As I said I’m a bit odd because I have the most DIY religion ever but I’m highly respectful of all.  I’m even close friends with a Catholic priest for instance but I thought this was best for my child.

I know my decision was more medical than religious but I took the belonging/religious thing into consideration a lot too.  My personal feeling from when I was very actively researching this subject is that there are a lot of anti-circumcission feelings out there that seem to me more from the heart than from reason.  I mean no mother wants to put her child through pain, but honestly, my husband was done when he was 8 days and I’d certainly that he hasn’t missed out!

In terms of faith, I hear what all priests say about better one religion than no religion but we will be sure to expose him to as much as we can and try to give reasonable explanations.  Of course, Rowan is only a toddler but we still tell him that there is a higher force… Up to him to decide when he grows up sure but I think some kind of grounding is good and despite my not so commonplace believes, I would like the point of reference to be a major faith for him.  He can decide afterwards, ask questions etc.

June 26, 2010 at 5:38 pm #4773

Virginia May Reynolds

Just to add a tiny note, my family did not object and his aunt was very pleased that we had decided to bring him up in the Jewish faith, if perhaps only as a point of reference, given my take on freedom for the child.

June 26, 2010 at 6:32 pm #4775

Virginia May Reynolds

By the way, my long post was pretty convoluted but I just feel sort of strong about this subject and I decided to go the Jewish way for various reasons, not just to please my husband, although I was glad we agreed… Sorry that the arguments are not presented very well.  I was a little emotional when I wrote about my son…

January 23, 2012 at 6:01 am #6509

Unregistered

I hope you atleast did your research before deciding to do this procedure. You should never decide what is best for your child based on religious preferences. Religion has NOTHING to do with the life of your child, and to risk his life on something from YOUR beliefs is selfish and foolish. I wish you had the opposite change of heart as I and so many others have, that circumcision is wrong and an unnecessary procedure, with no benefits or moral grounds.

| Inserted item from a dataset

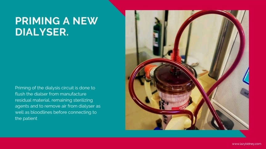 Priming of the dialysis circuit is done to flush the dialser from manufacture residual material, remaining sterilizing agents and to remove air from dialyser as well as bloodlines before connecting to the patient.

It is heartbreaking to me that I actually let people talk me into circumcising my first son, but I know when my second son is born, I am much wiser and cannot be swayed on such a sensitive topic. Read literature, talk to friends, and please consider YOUR SON’S preferences before your own. I know your child is probably in middle school, but I hope other people realize what an ignorant thing it is to believe that this particular tradition needs to soon die.